**Your objective**
Restate the full listing word for word and leave the pictures out.

**Input data**
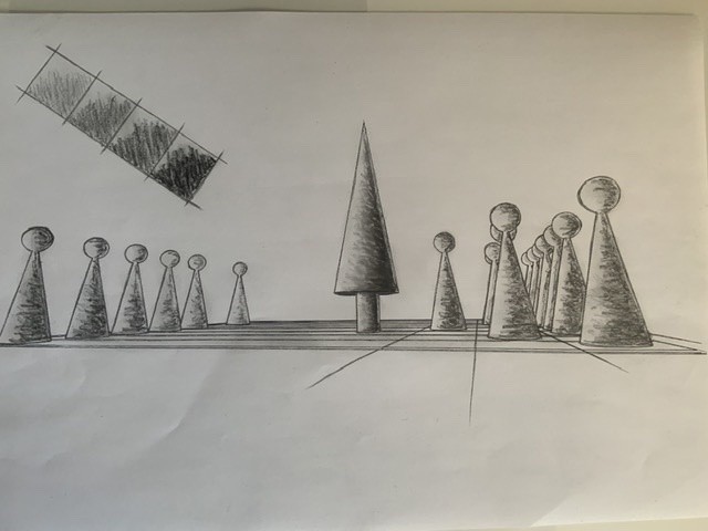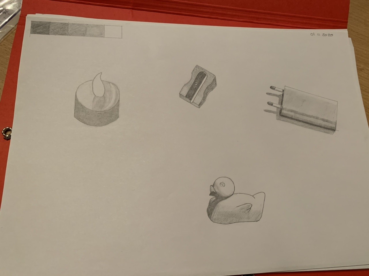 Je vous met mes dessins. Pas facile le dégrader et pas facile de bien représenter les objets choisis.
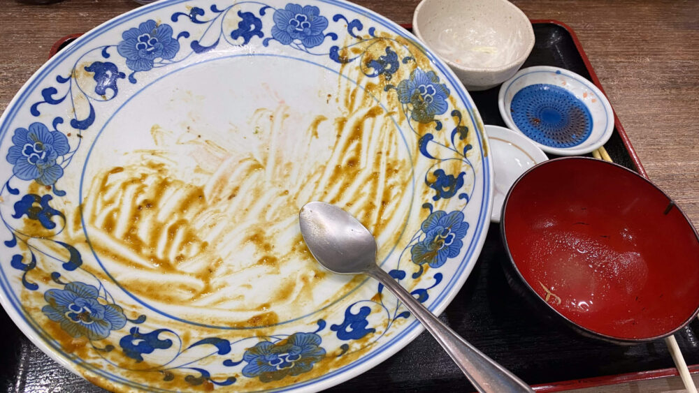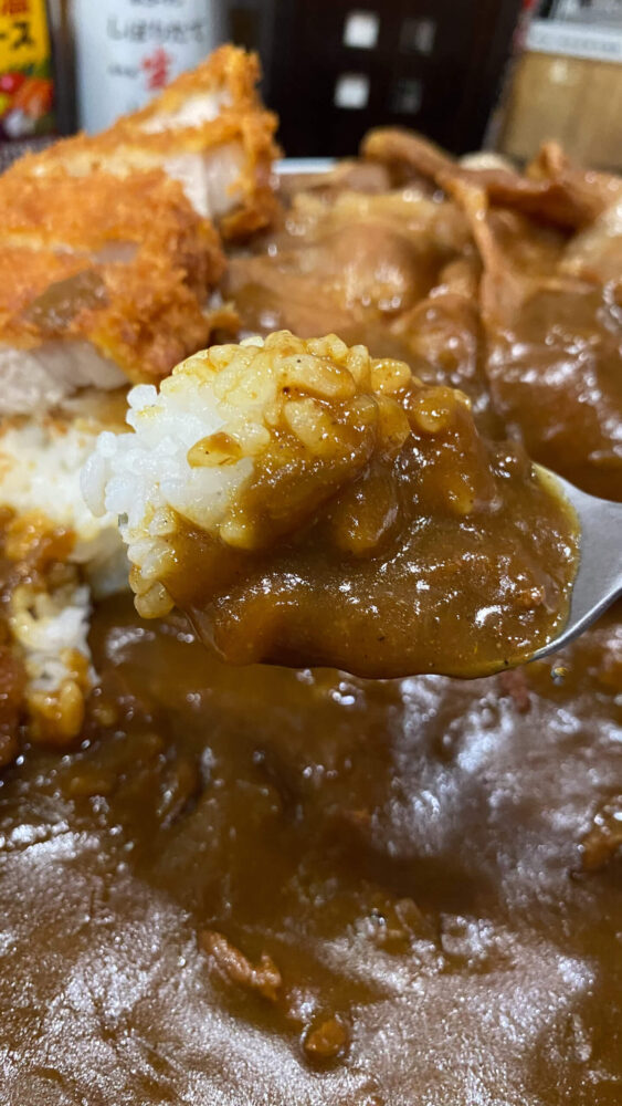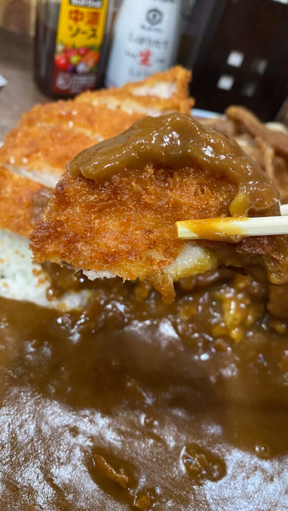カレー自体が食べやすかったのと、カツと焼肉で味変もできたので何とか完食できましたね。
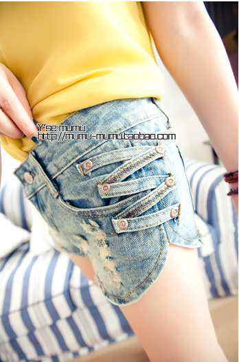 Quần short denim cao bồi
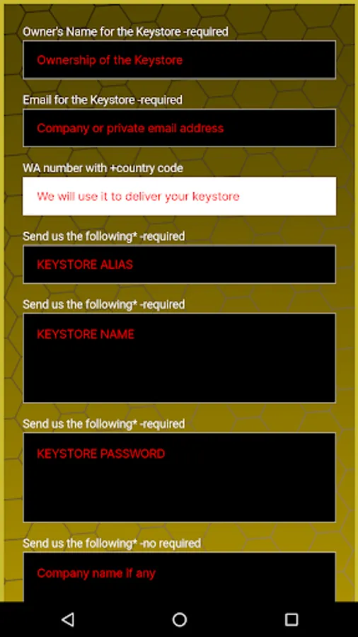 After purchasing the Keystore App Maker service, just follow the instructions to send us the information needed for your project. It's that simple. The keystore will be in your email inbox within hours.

**Your response**
 Je vous met mes dessins. Pas facile le dégrader et pas facile de bien représenter les objets choisis.
カレー自体が食べやすかったのと、カツと焼肉で味変もできたので何とか完食できましたね。
 Quần short denim cao bồi
 After purchasing the Keystore App Maker service, just follow the instructions to send us the information needed for your project. It's that simple. The keystore will be in your email inbox within hours.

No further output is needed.